● **Your objective**:
Only the lines from the one that includes "Stabilité et ergonomie" through the last line below belong in the reply, copied exactly and without pictures.

● **Task data**:
== == ==
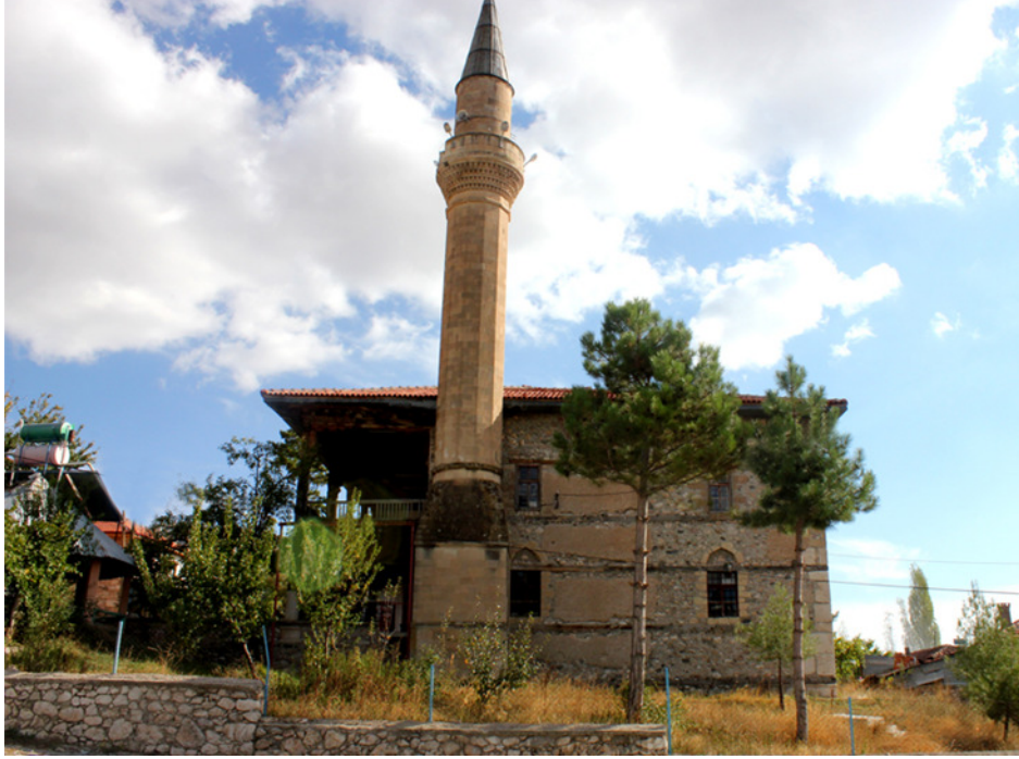
Resim 4: Kuzey Cephe
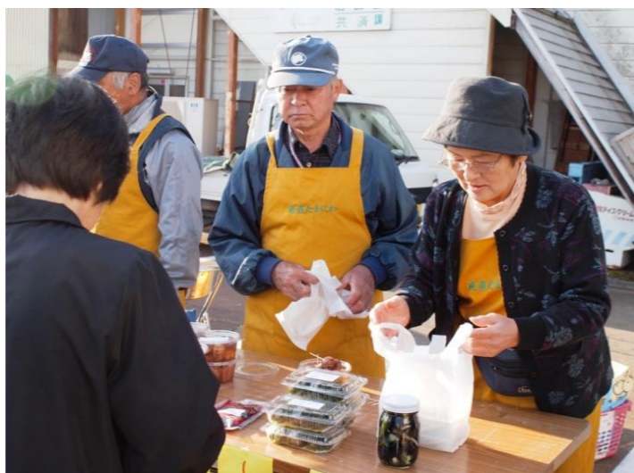
川西町 ニュースタイル朝市 こまつ市
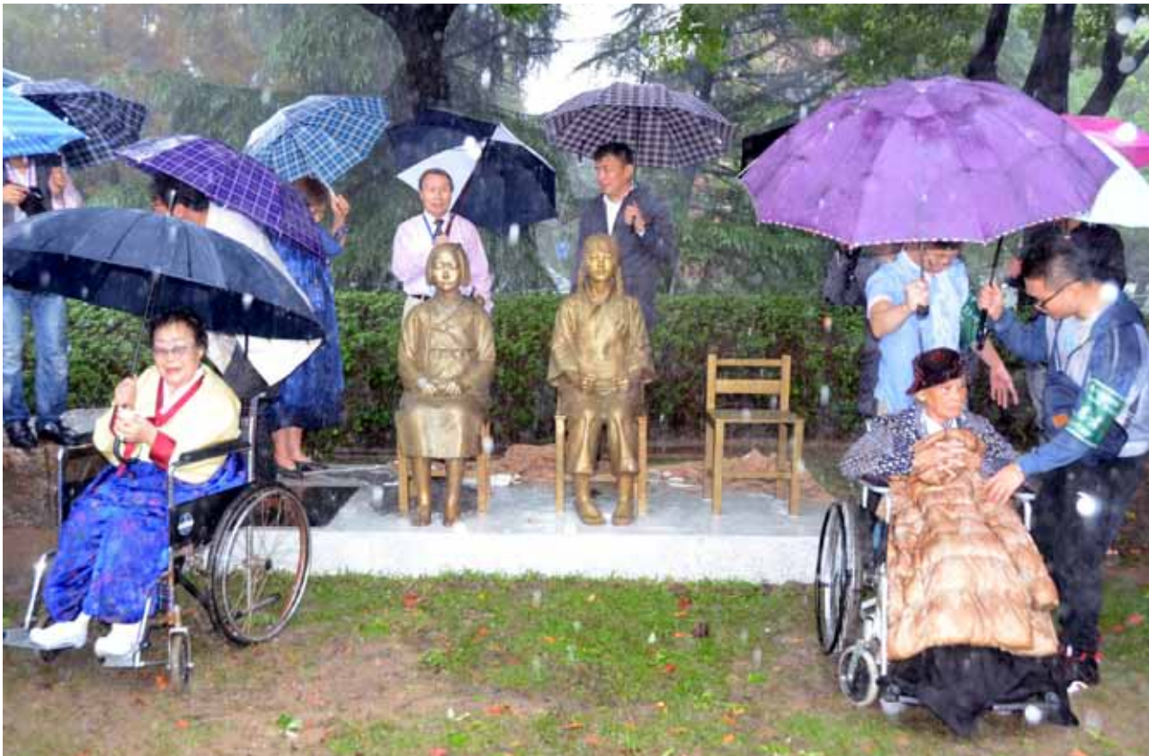
Im Oktober 2016 wurde diese Gedenkstatue vor der Universität von Shanghai errichtet
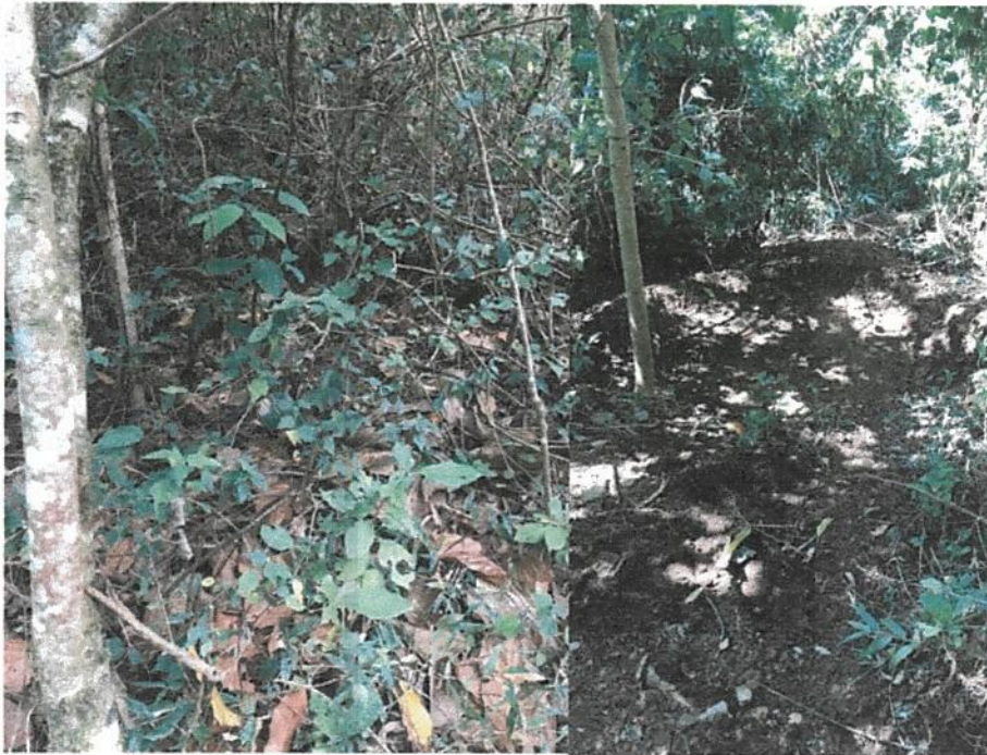
Fotografía 2. Obras de mejoramiento del Acueducto de Llano Bonito de León Cortés. (naciente chico piedra, lugar donde se colocará el tanque de bombeo)

Informe final de ejecución de Obra del Proyecto de Mejoramiento Del Acueducto de Llano Bonito de León Cortés.
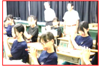
（夏休みに笛の練習をする1・2年生）

オープニングは、神楽「神子之舞」です。1・2年生23人が挑戦します。少年の主張では、8月28日に八木山中で行われる「太白区少年の主張大会」で発表する主張を述べます。英語暗唱では、8月31日に開催される英語暗唱弁論大会（青葉区・太白区）で発表する「THE Spider's Thread」を披露します。吹奏楽部は、少ない部員ですが、一生懸命練習した「A Whole New World」を披露します。
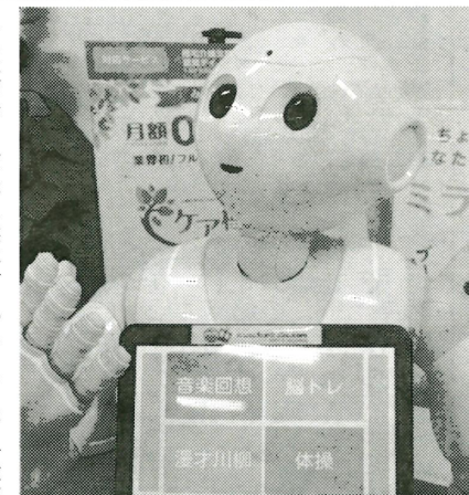
▲アプリはクラウドから取得

にも採択された。実証試験ではWHOの基準でアプリの効果を測り、その結果を元にさらに介護現場で役立つよう改善していくという。アプリはクラウドサービスと連携しており、定期的に更新される最新のコンテンツを利用できる。アプリ開発は各専門家との共同研究により進めている。さらに、介護業務支援システムのケア樹との連携により、現場の業務効率化を加速させる。「ケア樹あそぶ for Pepper」の導入費用は、初期アプリ利用料5万円と月額1万円。また初期導入サポート費用は25万円、運用サポートは月額1万円となっている。
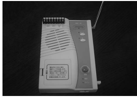
緊急地震速報受信機 (館内放送接続型)
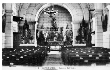
Vue intérieure vers le chœur, début 20e siècle
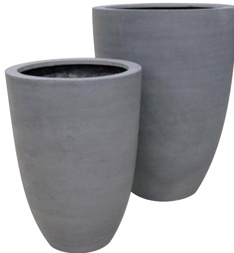
E1051-S2 [ Ben ] H 72-55 Ø 52-40

► Available in black (01), grey (03) and terrazzo brown (09). Indoor and outdoor.
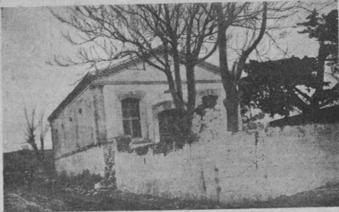
ΠΑΣΑΛΙΜΑΝΙ (Μαρμαρά) : Τὸ Ἄρρεναγωγεῖον

ΠΑΛΗΣ ΦΩΤΟΓΡΑΦΙΕΣ ΠΟΥ ΦΕΡΝΟΥΝ ΣΤΟ ΝΟΥ ΜΑΣ ΓΛΥΚΕΣ ΑΝΑΜΝΗΣΕΙΣ
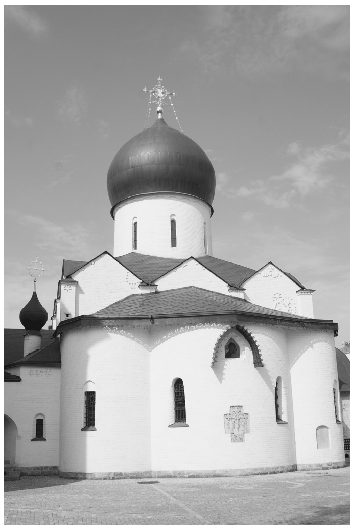
Покровский храм Марфо-Мариинской обители

Дело не для слабых В сестры принимались только физически здоровые девицы и вдовы православного вероисповедания от 21 до 40 лет (социальное служение требовало больших физических усилий). Главным делом сестер было посещение бедняков «на местах». Все они, включая настоятельницу, регулярно обходили ночлежные дома знаменитого Химрова рынка, делая перевязки больным, препровождая детей в приюты, находя места безработным.
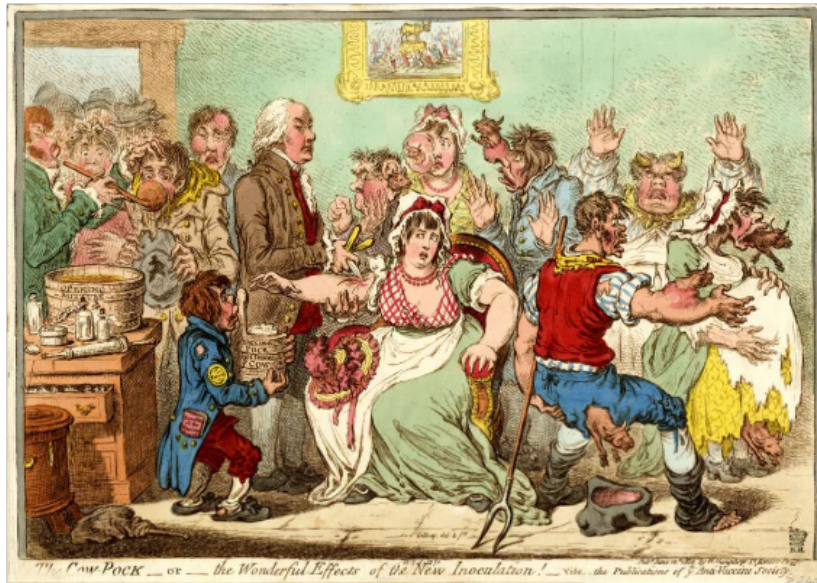
Imagem 2 - James Gillray. The Cow-Pock-or-the Wonderful Effects of the New Inoculation! 1802. 10
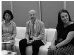
カレン・ホルバート オーストラリア政府観光局エグゼクティブ・ジェネラル・マネージャー(右)
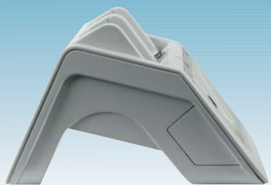
Stabilité et ergonomie
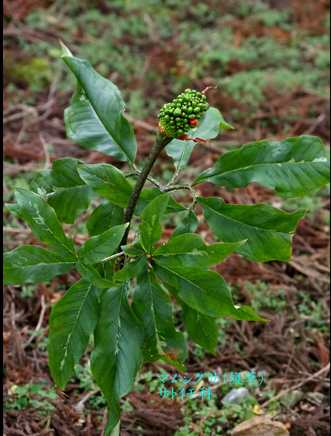
マムシグサ(蝮草) サトイモ科
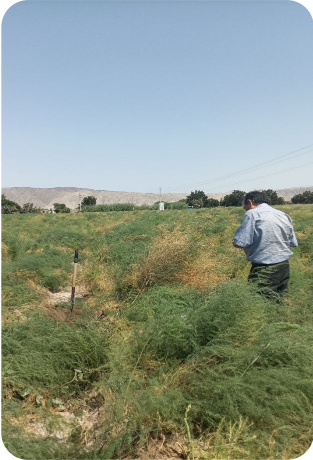
Fig. 8 Recojo de Información del cultivo.
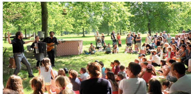
Fête de l'étang - Bourgbarré (35) - 2021

Public : Public familial à partir de 3 ans.
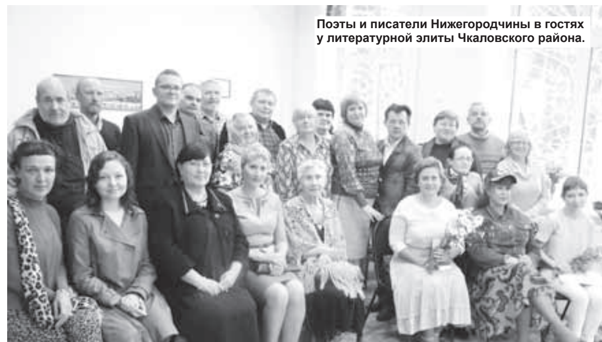
Поэты и писатели Нижегородчины в гостях у литературной элиты Чкаловского района.

В библиотеке села Катунки был организован семинар по поэтическому мастерству. Вел семи-
== == ==
● **Final answer**:
Stabilité et ergonomie
マムシグサ(蝮草) サトイモ科
Fig. 8 Recojo de Información del cultivo.
Fête de l'étang - Bourgbarré (35) - 2021

Public : Public familial à partir de 3 ans.
Поэты и писатели Нижегородчины в гостях у литературной элиты Чкаловского района.

В библиотеке села Катунки был организован семинар по поэтическому мастерству. Вел семи-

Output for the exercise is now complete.